▶ What the task asks
Your job is to return the whole listing unchanged while skipping its images.

▶ Data excerpt
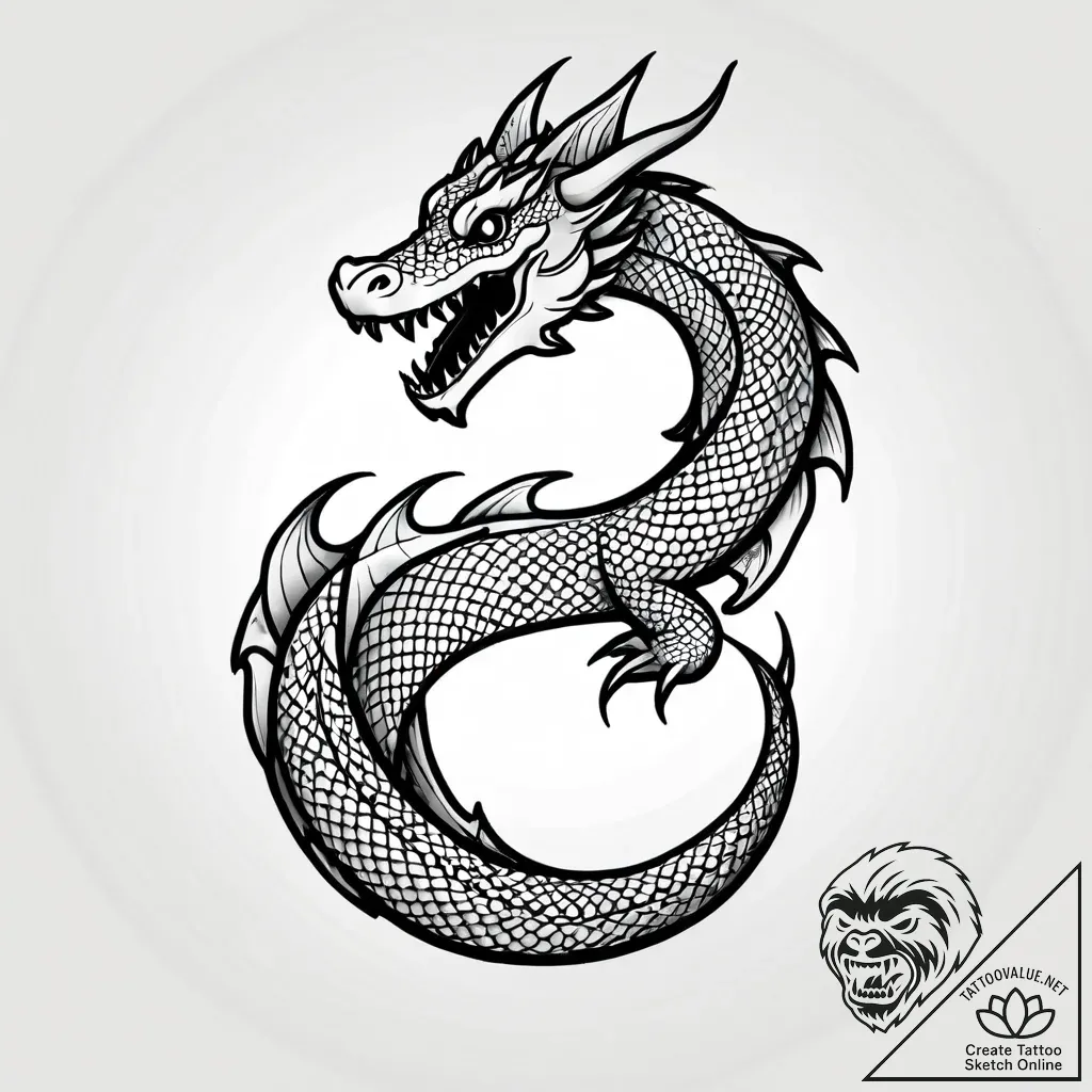 This striking black and grey tattoo sketch is a powerful fusion of Irezumi and graphic styles, depicting a fierce dragon coiled in a dynamic, S-shaped posture. The meticulously rendered scales, achiev
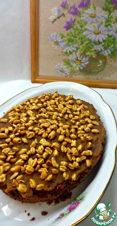 После аккуратно извлечь кекс из формы, смазать верх яблочным пюре и присыпать сверху. Я использовала воздушную пшеницу.
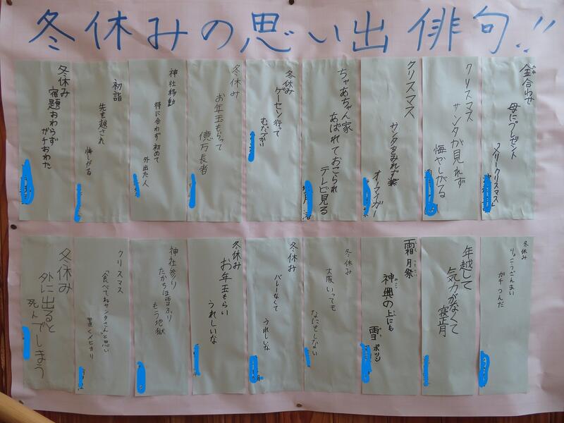 ↑5年生の俳句です。冬休みの思い出を俳句にしたようです。子どもらしく素直に気持ちを書いていていいですね。
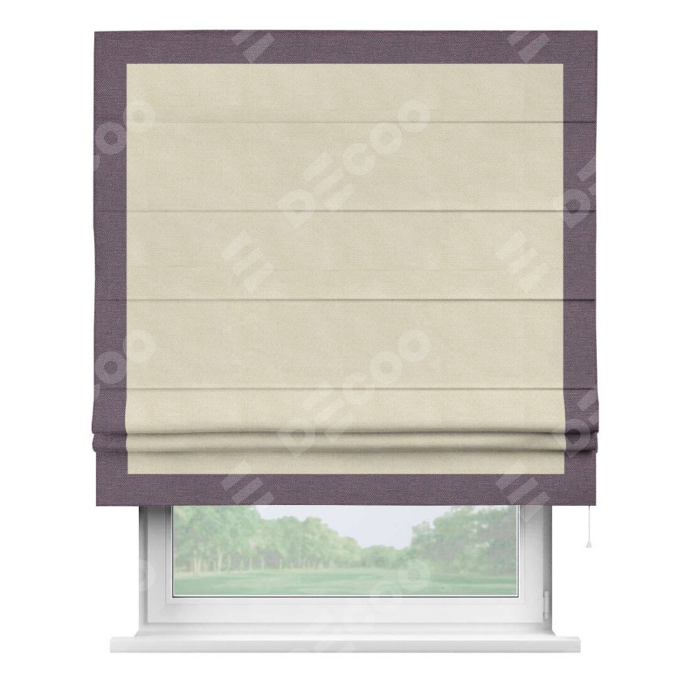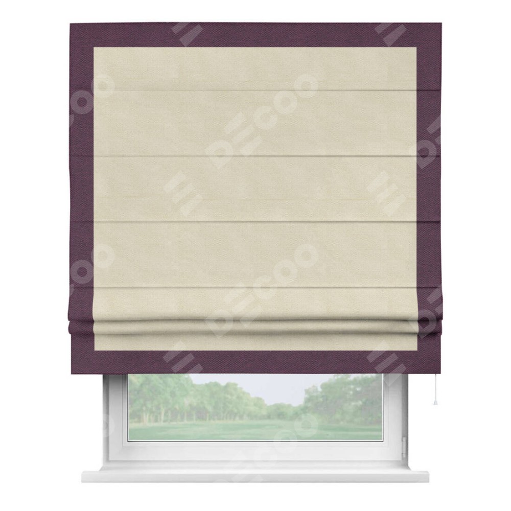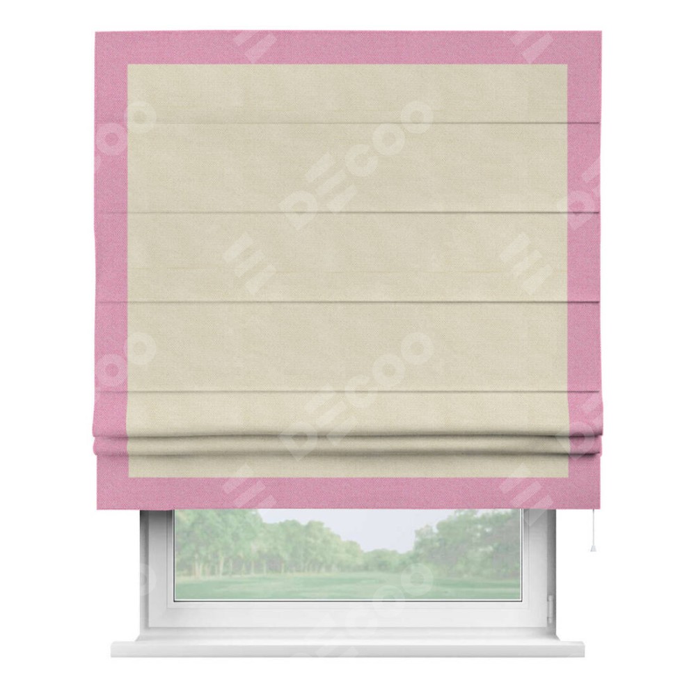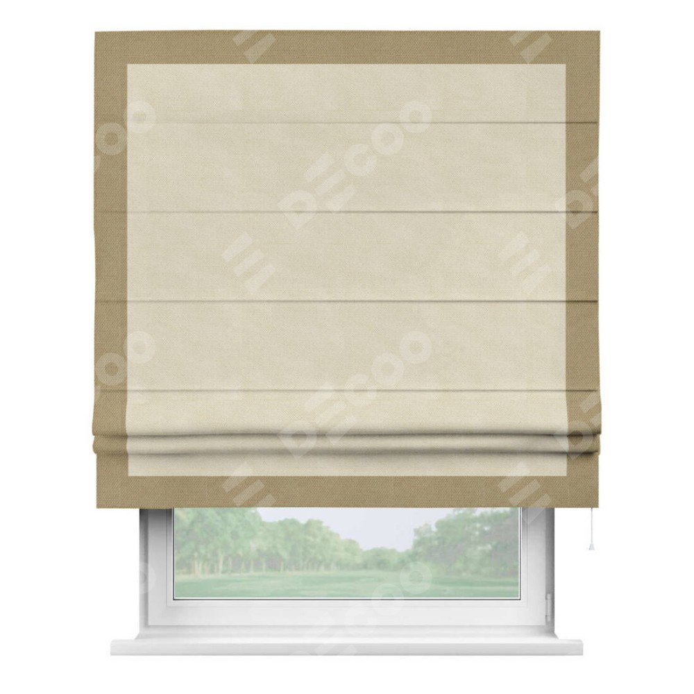 Римская штора «Кортин» с кантом Чесс, для проема, ткань лён димаут, бежевый

▶ Reply
 This striking black and grey tattoo sketch is a powerful fusion of Irezumi and graphic styles, depicting a fierce dragon coiled in a dynamic, S-shaped posture. The meticulously rendered scales, achiev
 После аккуратно извлечь кекс из формы, смазать верх яблочным пюре и присыпать сверху. Я использовала воздушную пшеницу.
 ↑5年生の俳句です。冬休みの思い出を俳句にしたようです。子どもらしく素直に気持ちを書いていていいですね。
 Римская штора «Кортин» с кантом Чесс, для проема, ткань лён димаут, бежевый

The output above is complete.